Core Insights - Connect Biopharma presented data on rademikibart, showing significant improvements in lung function and asthma control, particularly in patients with elevated type 2 inflammatory markers [1][2][3] - The company anticipates reporting topline data from ongoing Phase 2 Seabreeze STAT studies for asthma and COPD in the first half of 2026 [1][2] Company Overview - Connect Biopharma is a clinical-stage biopharmaceutical company focused on treating inflammatory diseases, headquartered in San Diego, California [6] - The company is advancing rademikibart, a next-generation anti-IL-4Rα antibody, through global clinical studies targeting acute exacerbations of asthma and COPD [6] Clinical Trial Results - Rademikibart demonstrated rapid and sustained improvements in lung function, with a 507 mL increase in prebronchodilator FEV1 for patients with high eosinophil counts and high FeNO levels at Week 24 [3] - A significant reduction in asthma exacerbations was noted, with a 63% reduction in patients with high eosinophils and a 69% reduction in those with high FeNO [3] - The Phase 2b trial results indicated that rademikibart's efficacy varied based on regional differences, with greater benefits observed in the overall trial population compared to the Polish subgroup [3][4] Future Development Plans - The data from the Phase 2b study will inform the clinical development plans and site strategies for ongoing studies [2][4] - Connect Biopharma is collaborating with Simcere in China for the development of rademikibart [6]

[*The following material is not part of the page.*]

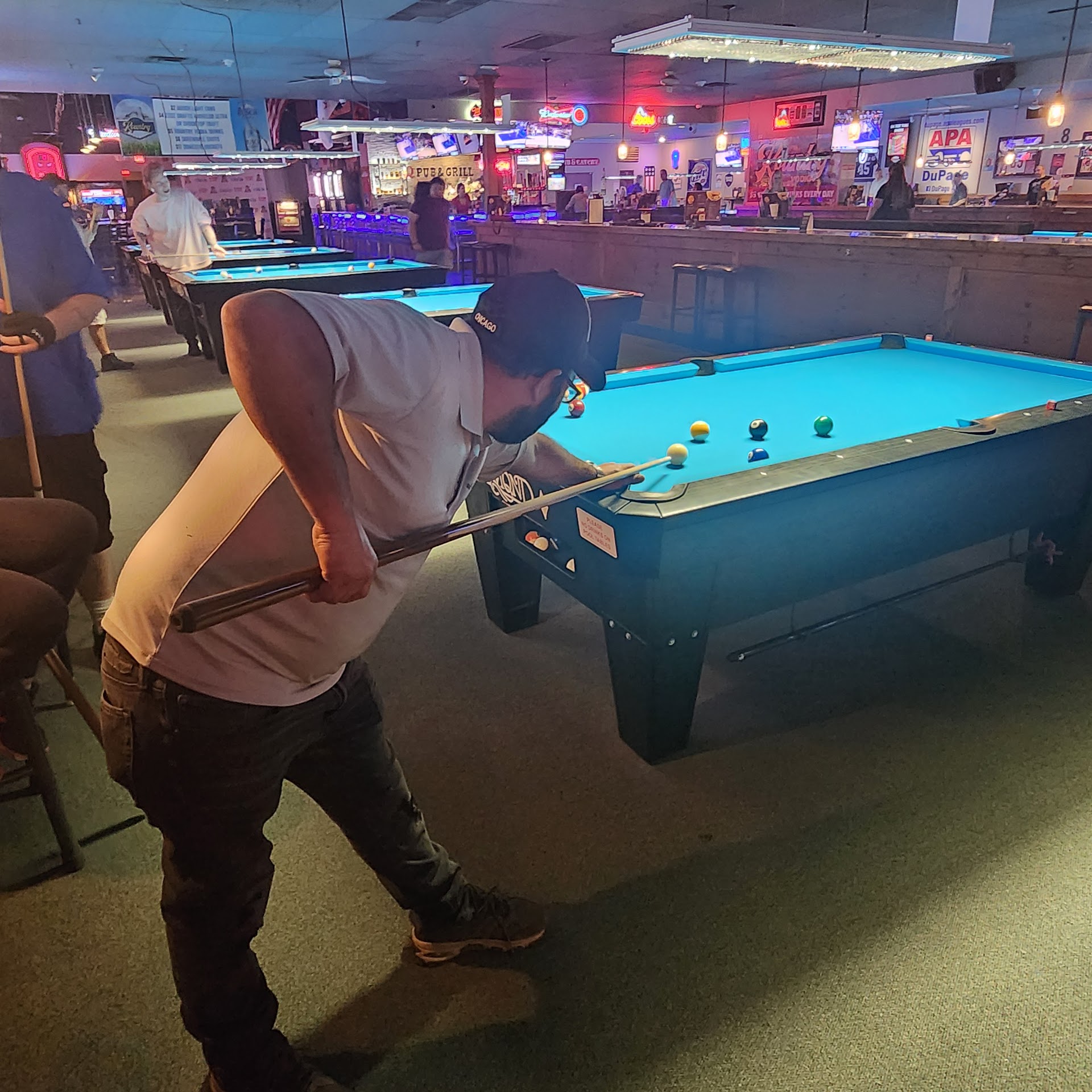 091721 I actually was very surprised! Do not let the condition of the mall deter you from visiting this establishment. The staff is very friendly and very attentive and the customers are very friendly too. You feel welcome ...with average age over 35. This establishment does not follow or enforce the mask mandate. Some employees wore a mask . Yes it is a pool hall with nicely lit pool tables and great prices for a game of pool as well. They do hold competition games here so they do draw a big crowd. They also have bags games, drinking game table set-up, huge Jenga set up and I think something that involves a microphone and screen It is on the dark side with no outside light coming in. It does have a U-shaped bar, limited small pub tables so it's not set up for the dining experience. The burgers are delicious! Love the fries they serve and they have $3 burger Thursdays. A cold beer and a burger is the way to go. They also promote $2 taco Tuesday and they are okay, I would go for the burger! This is a great place for a burger and beer and a place to call your own local...
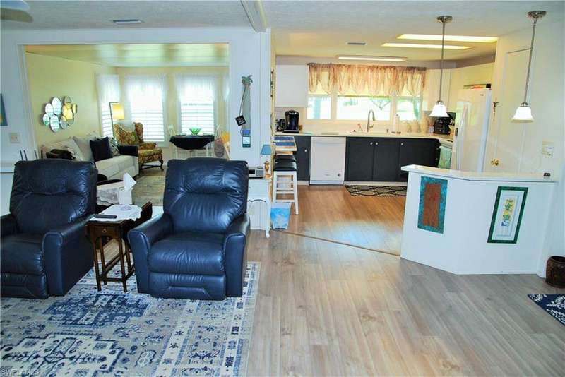 Experience an airy, light-filled retreat with impressive updates and sweeping golf course views in the coveted Six Lakes Country Club. This standout home has undergone a series of essential updates, making it truly exceptional. Recent enhancements include an A/C unit installed in 2023, a 2022 water heater, and a post-Ian roof added in 2022. The extra-large Florida Room now features elegant river rock flooring, perfect for year-round enjoyment. The kitchen is a true showstopper, featuring newer quartz countertops, a newer sink, a faucet, a garbage disposal, matching appliances, a fridge, and a range. Step onto your lanai and enjoy front-row seats to breathtaking sunsets over the golf course, the perfect spot to relax and unwind. The home's fresh, modern appeal is further accentuated by stylish plantation shutters, designer light fixtures, and new windows throughout most of the residence. Other notable upgrades include a new paver driveway (2024), adding to the home's curb appeal, new flooring throughout (except for the master bedroom), newer screen doors on the lanai, and sleek shutters in the large Florida room. The oversized shed boasts space for 2 golf carts. Located in the gated, resident-owned, and self-governed 55+ community of Six Lakes Country Club, this home is more than just a place to live; it's a lifestyle. Six Lakes Golf & Country Club is a well-maintained, vibrant golfing community where the greens are as inviting as the camaraderie. With an active pro shop, thriving men's and women's leagues, and standout events like "Nine and Dine" and thrilling night-light golf, there's always something exciting on the horizon for golf enthusiasts of all skill levels. Additional amenities include a clubhouse with dining, a pool & spa, tennis, pickleball, a fitness center & various curated social activities. Enjoy the best of Florida living today!

Core Viewpoint - Connect Biopharma Holdings Limited is advancing its clinical-stage product candidate, rademikibart, which targets inflammatory diseases, particularly asthma, and will present new trial data at the European Respiratory Society Congress 2025 [1][3]. Group 1: Company Overview - Connect Biopharma is a clinical-stage biopharmaceutical company headquartered in San Diego, California, focused on transforming care for asthma and chronic obstructive pulmonary disease (COPD) [3]. - The company is conducting global clinical studies of rademikibart, which is designed to target interleukin-4 receptor alpha (IL-4Rα) [2][3]. - Connect Biopharma has an exclusive license and collaboration agreement for rademikibart with Simcere in China [3]. Group 2: Product Information - Rademikibart is a fully human monoclonal antibody that blocks the functions of IL-4 and IL-13, aiming to treat Th2 related inflammatory diseases such as atopic dermatitis and asthma [2]. - The product is currently under clinical investigation and has not yet received marketing approval from regulatory agencies [8]. Group 3: Upcoming Presentations - Connect Biopharma will present two posters at the ERS Congress 2025, detailing the impact of eosinophils and regional differences on the response to rademikibart in moderate-to-severe asthma [1]. - The presentations are scheduled for September 29, 2025, during the session on biologics for asthma and allergic rhinitis [1].